К моему удивлению, дверь квартиры восемьдесят семь, где проживал Герман Михайлович Панкин, мой черный человек, призрак, который ворвался в мою жизнь, перевернул ее и, неузнанный, исчез навеки, была чуть приоткрыта. Никаких звуков праздника слышно не было, что меня несколько приободрило.
В открытую дверь всегда неловко стучаться, но мне все-таки пришлось это сделать. Никто на мой стук не ответил. Я вынужден был без приглашения войти в ярко освещенный, богато обставленный холл, пол которого был устлан синим ковром. На стене в холле висела полутораметровая картина Клиффа Оллингтона – популярного в семидесятые годы английского художника, писавшего в стиле Пикассо. Изображенные на ней фигуры, разделенные на геометрические плоскости, вступали в диссонанс с мягким колоритом картины, зато своей надломленностью точно соответствовали моему душевному состоянию и всей ситуации в целом.
Кем же, интересно, был этот господин Панкин? В его жилище витал тонкий аромат духов. Аромат утонченных женщин, одновременно бесстыдный и горький, но всегда притягательный. Такая квартирка и такие женщины стоят уйму денег!
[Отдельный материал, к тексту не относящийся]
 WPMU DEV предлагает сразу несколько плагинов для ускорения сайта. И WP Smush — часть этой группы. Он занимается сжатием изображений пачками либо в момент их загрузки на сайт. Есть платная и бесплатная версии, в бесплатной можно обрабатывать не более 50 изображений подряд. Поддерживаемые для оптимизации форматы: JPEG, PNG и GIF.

Все двери, выходившие в коридор, были распахнуты настежь. За дверью слева, очевидно, находился кабинет хозяина. Из холла был хорошо виден угол массивного стола, монитор компьютера и какая-то штука, похожая на факс. Напротив входной двери явно была гостиная.
– Здра-а-авствуйте! – крикнул я в глубь квартиры, растягивая «а», будто это могло помочь хозяевам расслышать меня получше. Поскольку никто не отозвался, мне пришлось крикнуть еще раз: – Есть здесь кто-нибудь?!
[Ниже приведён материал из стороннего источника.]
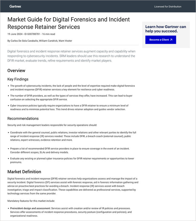Gartner® has created the “Market Guide for Digital Forensics and Incident Response Retainer Services.” It arms cybersecurity leaders with insights to assess their IR strategies and identify providers that can bolster resilience.

Полная тишина. Я вошел в гостиную – полукруглую комнату, обставленную диванами и мягкими креслами. За стеклами шкафов разместилась целая коллекция маленьких флакончиков чеканной работы с серебряными крышечками, возможно, для ароматических солей или духов. В свете огромной причудливой люстры испускали разноцветные искры хрустальные флаконы, переливались маленькие золотые амфоры, инкрустированные драгоценными камнями… Ничего подобного раньше мне не приходилось видеть. Изысканно и необычайно прелестно. Искрящееся, как шампанское, прошлое, оттененное кружевами…
На столиках и старинных тумбочках тонкой работы стояли великолепные хрупкие украшения: статуэтки из алебастра и порфира, саксонский фарфор, часики эпохи Людовика XV – настоящий музей!
Мне было крайне неловко находиться одному в такой квартире, набитой ценностями и антиквариатом, у незнакомых людей, к которым я явился, чтобы сообщить о случившемся несчастье. Я подошел к высокому окну, выходившему на набережную. Сквозь ветви деревьев мерцали далекие огни парка, окруженные маревом тумана. «Сегодня ночь Оберона, – подумал я. – Все здесь заколдовано: и этот яркий свет, и эти синие тени, и сама жизнь, которая кажется и реальной, и призрачной одновременно. Время остановилось. В такую ночь словно бы и нельзя умереть».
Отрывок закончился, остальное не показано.